Your SIGABRT handler also seem to be UB according to https://en.cppreference.com/w/cpp/utility/program/signal. (no extern "C" accessing a static storage duration variable. )

I can't explain the undefined symbol. Are you trying to use that function from outside of HPX (the symbol is not exported)?

no just the examples like hello_world_distributed.

I'll investigate later if I figure out the ipv6 issues again. Somehow it wants to bind to the ip6 adresses again which is simply wrong. Don't really know what changed compared to yesterday though.

Neumann-A commented 2 years ago

hmm so the IP4/6 issues is a bit more intricate. If I just use the node/computer names it will always use ip6 if it is local but ip4 for external names so I need some consistent programmatic way to force either ip4 or ip6. Is there an option in the TCP parcelport to select one or the other?

Neumann-A commented 2 years ago

hmm after the IPv4 force hello_world_distributed seems to connect but i get: (T--------/----------------.----/----------------) P--------/----------------.---- 13:22.59.334 [0000000000000001][ PT] <debug> ({0000000100000000, 0000000000000000}:({0000000100000000, 0000000000000000}:component_invalid[-1]:0000000000000000):register_worker_action) + another line with binary output in the agas debug output of the worker

Neumann-A commented 2 years ago

Fun stuff ..... after fighting more with hello_world_distributed and two nodes the result is: It works: if the console node is running the debug build and the worker node is running the relwithdebinfo build. It probably also runs if the worker nodes runs the debug build but running the console node with the relwithdebinfo build does not work. So optimization are somehow screwing up the communication.

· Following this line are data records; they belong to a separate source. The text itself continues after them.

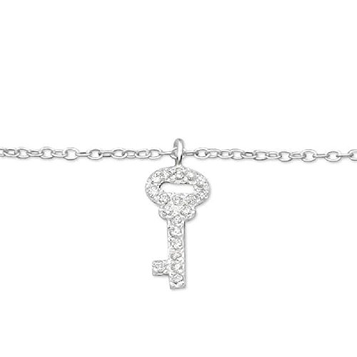 -. Title : So Chic Jewels - 925 Sterling Silver Key Anklet with Cubic zirconia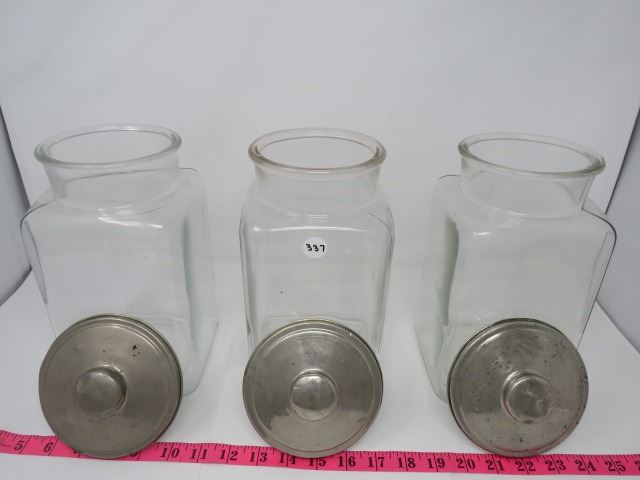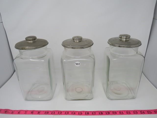 3 AUTHENTIC GLASS CANDY JARS W/NICKEL LIDS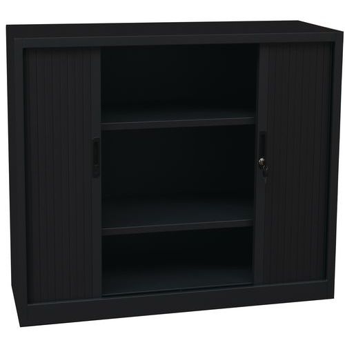 Kompakti ja erittäin helposti käsiteltävä matala kaappi. Hyllyjä voidaan siirtää riippukansioiden säilytystä varten. Naarmuuntumaton epoksipinnoite. Muovisäleovet lukitaan sylinterilukolla. Kaapin mukana toimitetaan 2 avainta sylinterilukkoon.
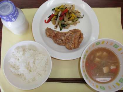 本日の給食は、ごはん・鶏肉の竜田揚げ・大根とひじきのサラダ・すりごまの味噌汁・牛乳です。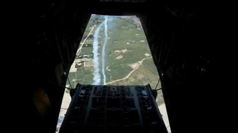 A Peterson AFB, CO C-130 H3 Airdrop in Afghanistan in 2011. Airdrop load of approximately 18K in supplies while flares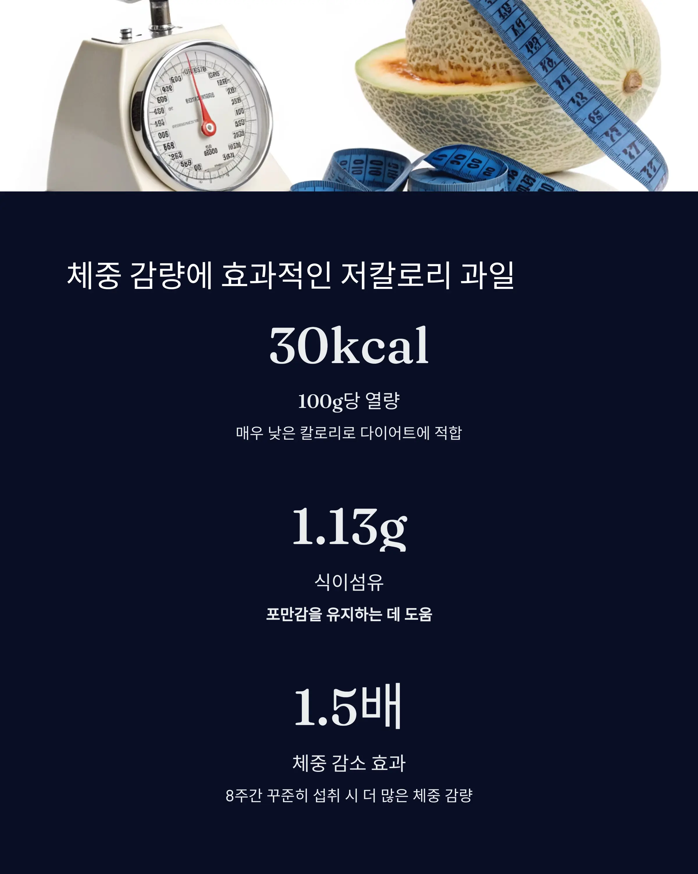 참외는 100g당 약 30kcal로 매우 낮은 열량을 자랑하면서도,
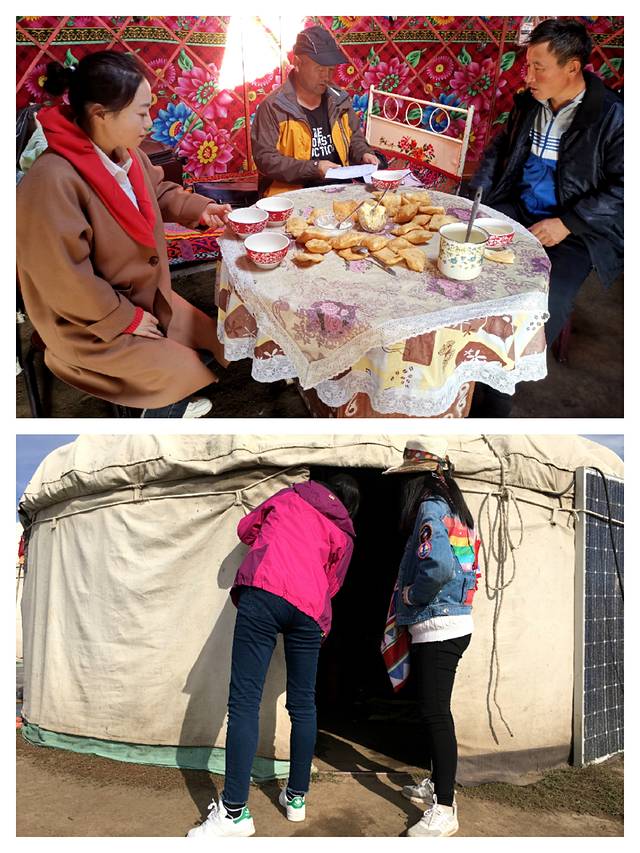 在车上和师傅闲聊,他说昨天晚上加油到一点,我就顺口问油价怎么样?师傅说92的汽油6.5元每升,我说还好,跟内地价格差不多,你们不是有油田吗?师傅笑说,新疆出啥啥贵,天然气要3.79元一立方,倒是牛羊肉60一公斤,便宜。还告诉我们新疆从幼儿园到高中全免费上学,马肉只能冬天吃,过了3月份马肉变酸口感不好。漾就提了一句特别想去当地村民家中看看,师傅二话没说找了个哈萨克蒙古包家庭停车,带我们进去看看,漾嘴馋,还找村民买了小吃尝了,说味道很不错。

Any way to further debug that? I tried setting a breakpoint in big_boot_barrier::notify() but that was never called in the relwithdebinfo build.

hkaiser commented 2 years ago

Could it be that the hostnames are resolved to ipv4 in one place and ipv6 in another place? The only reason why the release build works, and the debug build doesn't could be that some assert is not compiled into the executable, and I know for a fact that we compare resolved ip addresses in asserts (for instance here). In this context comparing ipv4 with ipv6 will fail.

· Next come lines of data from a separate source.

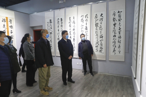为庆祝中国共产党成立100周年,回顾党的光辉历程,讴歌党的丰功伟绩,继承和发扬党的优良传统,以实际行动学习贯彻党的十九届六中全会精神,由党委宣传部、纪委、工会、艺术设计学院主办,团委、艺术设计学院分工会、学校教工书画协会以及绘画系、雕塑系承办的“党在我心中”书法美术作品展于12月10日在东风校区艺术设计学院展厅开幕。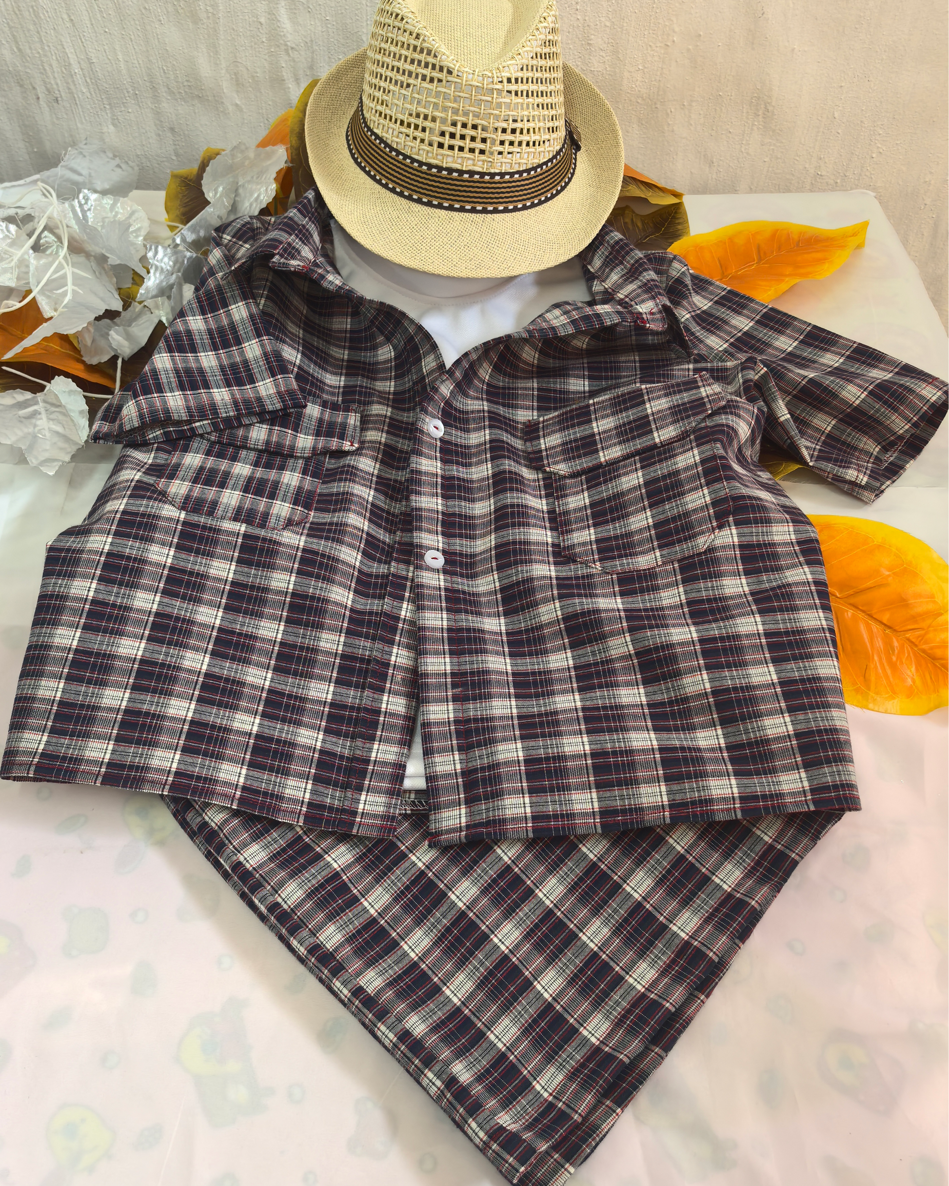 Dress it up or dress it down, this Boys Dark Check Set is perfect for any occasion. Featuring a dark check pattern, this set is versatile and stylish. Little ones will love the comfortable fit and parents will appreciate the durability. A must-have for any young boy's wardrobe!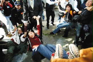 待陳水扁致詞快結(jié)束,提及臺北中正紀念堂從今天走入歷史時,又有兩位樂生青年大聲抗議。女學生在被安全人員架離時,一位參加活動的老伯伯,突然上前打了女學生幾巴掌,而穿著“人權(quán)志工”的老太太,竟然也在旁附合說“打的好”,引起現(xiàn)場一陣騷動。 (云鵬)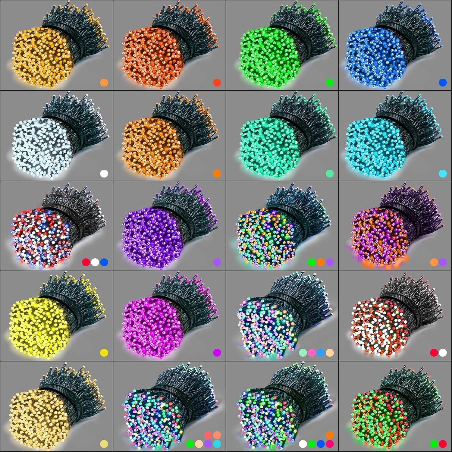 - 35 Colors Changing Christmas Lights: 164ft 500 LED RGB string lights green wire with 17 base colors + 18 holiday themes colors ( “W” button for cool white color / “WW” button for warm white color ), dynamic effects, timer settings and remote control. Ideal for festive decor and ambient lighting. The green wire is natural and rustic, blending seamlessly with courtyard plants and Christmas trees
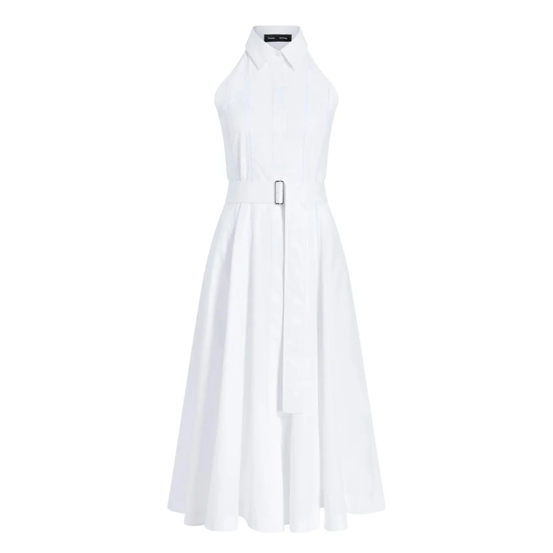 The Dorothy Dress in Eco Cotton Poplin features a high angular neck with a point collar. Detailed with eyelet trim along the bodice and includes a slider belt to accentuate the waist. - White - High neck - Point collar - Sleeveless - Concealed front placket - Slider waist belt - Side slip pockets - Eyelet trim - Mid-length hem - Slim fit - 96% cotton, 4% elastane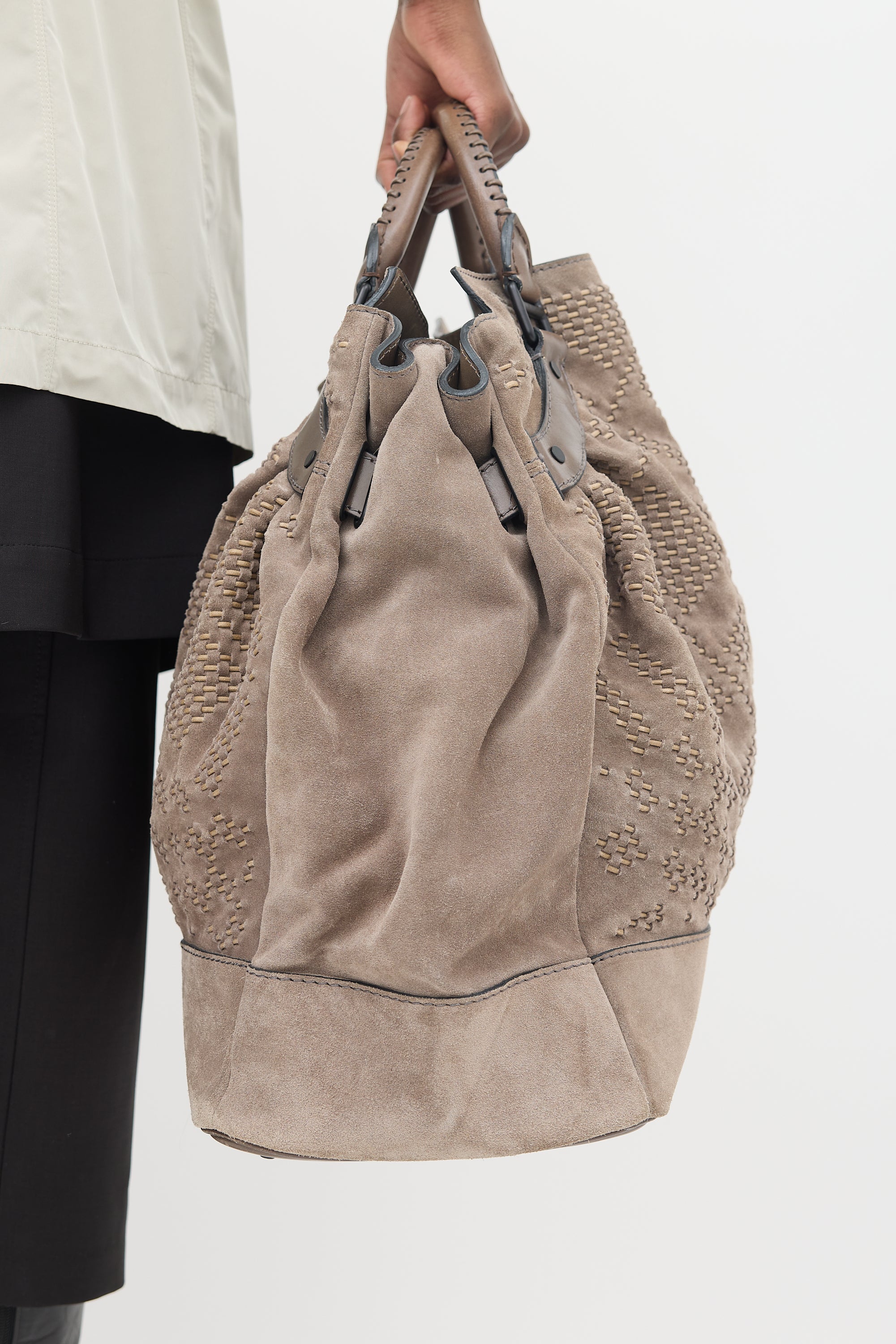 Suede Corded Check Tote Bag

Neumann-A commented 2 years ago

The only reason why the release build works, and the debug build doesn't could be that some assert is not compiled into the executable

It is the other way around. Debug works, Release fails. What I can see via netstat and wireshark is that the worker tries to connect but never gets a response from the release build console runner (although it is listening according to netstat and the fact the the debug build of the console runner works. ).

Neumann-A commented 2 years ago

Hmm what works:

Running two localities one the same PC. Running debug version on the console locality with two separate pcs works. (so tcp communication in general works fine. no firewall blocking) Otherwise it stalls in the big_bootstrap_barrier waiting for connections. The worker is sending but somehow the reciever doesn't want to ACK that although it is listening. (checked with netstat / wireshark)

From my point the parcelport init hangs. I see that the debug version generates more named threads in the debug while in the RelWithDebInfo build I only get the parcel-thread-tcp threads.

In which thread should io_services.run() / GetQueuedCompletionStatus be executed in ? I have the feeling those two are somehow scheduled wrongly.

Neumann-A commented 2 years ago

So ok after figuring out that the reason for the strange connection behavior was the windows firewall, I got hello_world_distributed running. Somehow the firewall could distinguish between the debug/release executable and it blocked the release one because i started with the debug one. After deleting the firewall app rule for hello_world_distributed it executed as expected (I already setup global rules for port 7910 so the app rule was never necessary)

What I now observe is the following:

Neumann-A commented 2 years ago

https://github.com/MicrosoftDocs/azure-docs/blob/main/articles/batch/batch-compute-node-environment-variables.md

Uses pure ipv4 addresses in CCP_NODES instead hostnames. Maybe azure is another batch environment to consider supporting?